→ **About this exercise**:
Would you retype exactly the lines below, from the one containing "在青牧的工場，這樣的小羊很多" through the end of the entries, both ends included, but not the pictures?

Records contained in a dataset
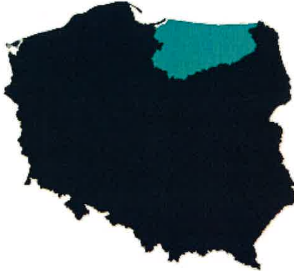
Rys.1 Usytuowanie województwa warmińsko-mazurskiego na tle kraju

Plan Odnowy Miejscowości Żegoty na lata 2022-2028 obejmuje swym zasięgiem miejscowość Żegoty położoną na terenie Gminy Kiwity, w powiecie lidzbarskim, w województwie warmińsko-mazurskim.
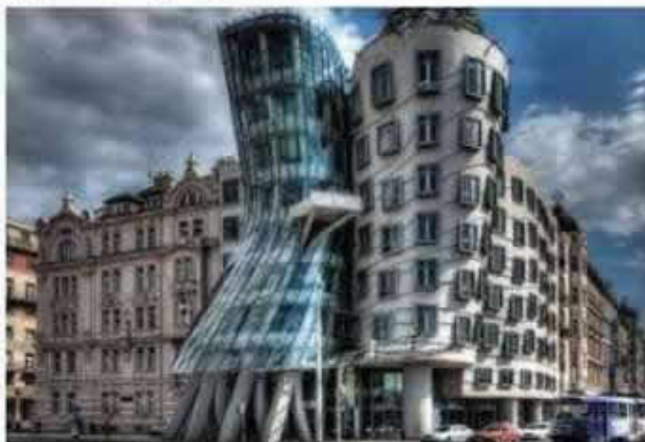
Decalogo dell'etica post-moderna
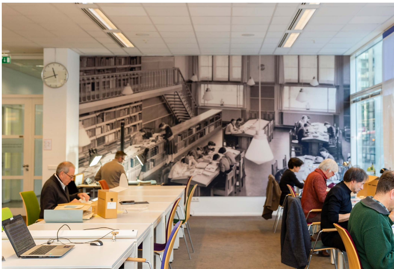
Studiezaal nieuwe look, 2018

De studiezaal onderging een facelift, ging op maandag dicht, maar bleef op de overige weekdays een uurtje langer open voor de bezoekers. De studiezaal is niet alleen zichtbaarder geworden aan de Kalvermarktzijde, maar heeft ook een publieksvriendelijkere uitstraling gekregen, waardoor de drempel voor een bezoek aan de studiezaal is verlaagd. In 2018 werd hard gewerkt aan de bouw van de nieuwe eigen website en aan een nieuwe Beeldbank, die hierin geïntegreerd wordt. De website wordt in 2019 gepresenteerd. Natuurlijk ontbraken dit jaar ook de Dag van de Haagse Geschiedenis, de cultuurmenulessen en de lezingenseries niet. Vele schrijvers, journalisten, publicisten, tentoonstellingsmakers en bezoekers. wisten het HGA te vinden.
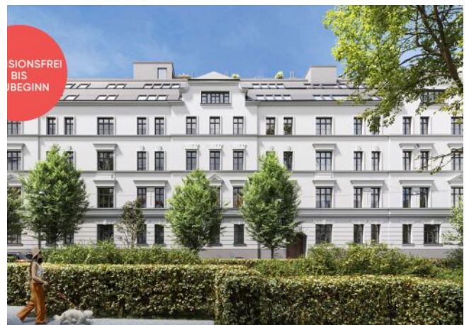
Roseggergasse | Fassade Frontal
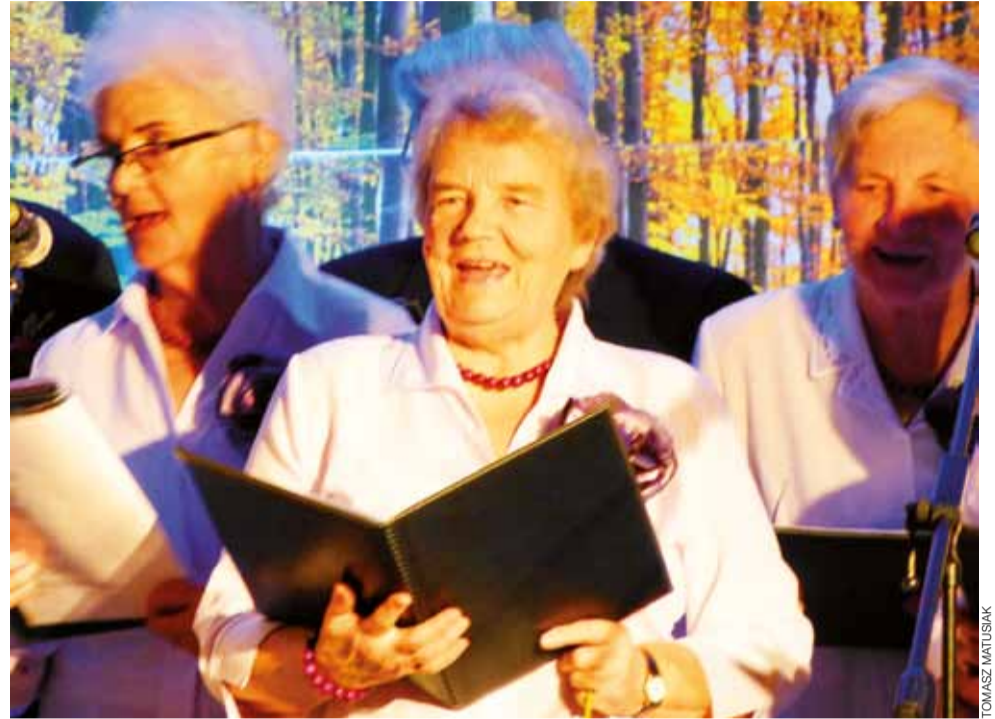
Zespół wokalny "Wrzos" w czasie występu.
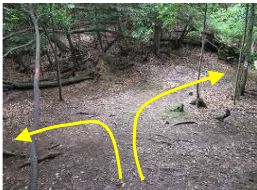
谷分岐に到着。右:展望台へ 左:谷コースを経て登山口へ
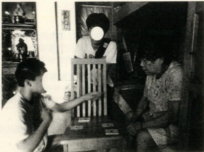
去年九月，同學（中）參加義工服務探訪長者

在青牧的工場，這樣的小羊很多啊！歡迎你和你的教會/團契也來一起牧養他/她們，一同見證小羊的改變，分享羊兒回家的喜樂！
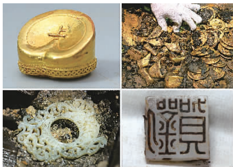
左上图为:海昏侯墓出土的马蹄金;右上图为:海昏侯墓主棺出土的金饼、马蹄金、麟趾金和金板;左下图为:海昏侯墓出土的龙形玉佩;右下图为:海昏侯墓墓主人遗骸腰部位置发现的刻有“刘贺”名字的玉印。

“新发现的玉印是汉代常见的方寸之印,印面简单,仅有‘刘贺’二字,判断为刘贺的私印。”海昏侯墓考古发掘专家组组长、中国秦汉考古学会会长信立祥表示,由于内棺清理工作仍在进行中,不排除继续发现金印的可能。 此外,展览上的可证明墓主身份的珍贵文物资料包括:一枚有着“南海海昏侯臣贺元康三年耐金一斤”字样的墨书金饼,类似的墨书金饼刘贺墓中共出土了4枚;上有“元康四年六月”“南海海昏侯臣贺昧死再拜皇帝陛下”“海昏侯夫人”等字样的秦牍副本照片等。

→ **Output for this task**:
在青牧的工場，這樣的小羊很多啊！歡迎你和你的教會/團契也來一起牧養他/她們，一同見證小羊的改變，分享羊兒回家的喜樂！
左上图为:海昏侯墓出土的马蹄金;右上图为:海昏侯墓主棺出土的金饼、马蹄金、麟趾金和金板;左下图为:海昏侯墓出土的龙形玉佩;右下图为:海昏侯墓墓主人遗骸腰部位置发现的刻有“刘贺”名字的玉印。

“新发现的玉印是汉代常见的方寸之印,印面简单,仅有‘刘贺’二字,判断为刘贺的私印。”海昏侯墓考古发掘专家组组长、中国秦汉考古学会会长信立祥表示,由于内棺清理工作仍在进行中,不排除继续发现金印的可能。 此外,展览上的可证明墓主身份的珍贵文物资料包括:一枚有着“南海海昏侯臣贺元康三年耐金一斤”字样的墨书金饼,类似的墨书金饼刘贺墓中共出土了4枚;上有“元康四年六月”“南海海昏侯臣贺昧死再拜皇帝陛下”“海昏侯夫人”等字样的秦牍副本照片等。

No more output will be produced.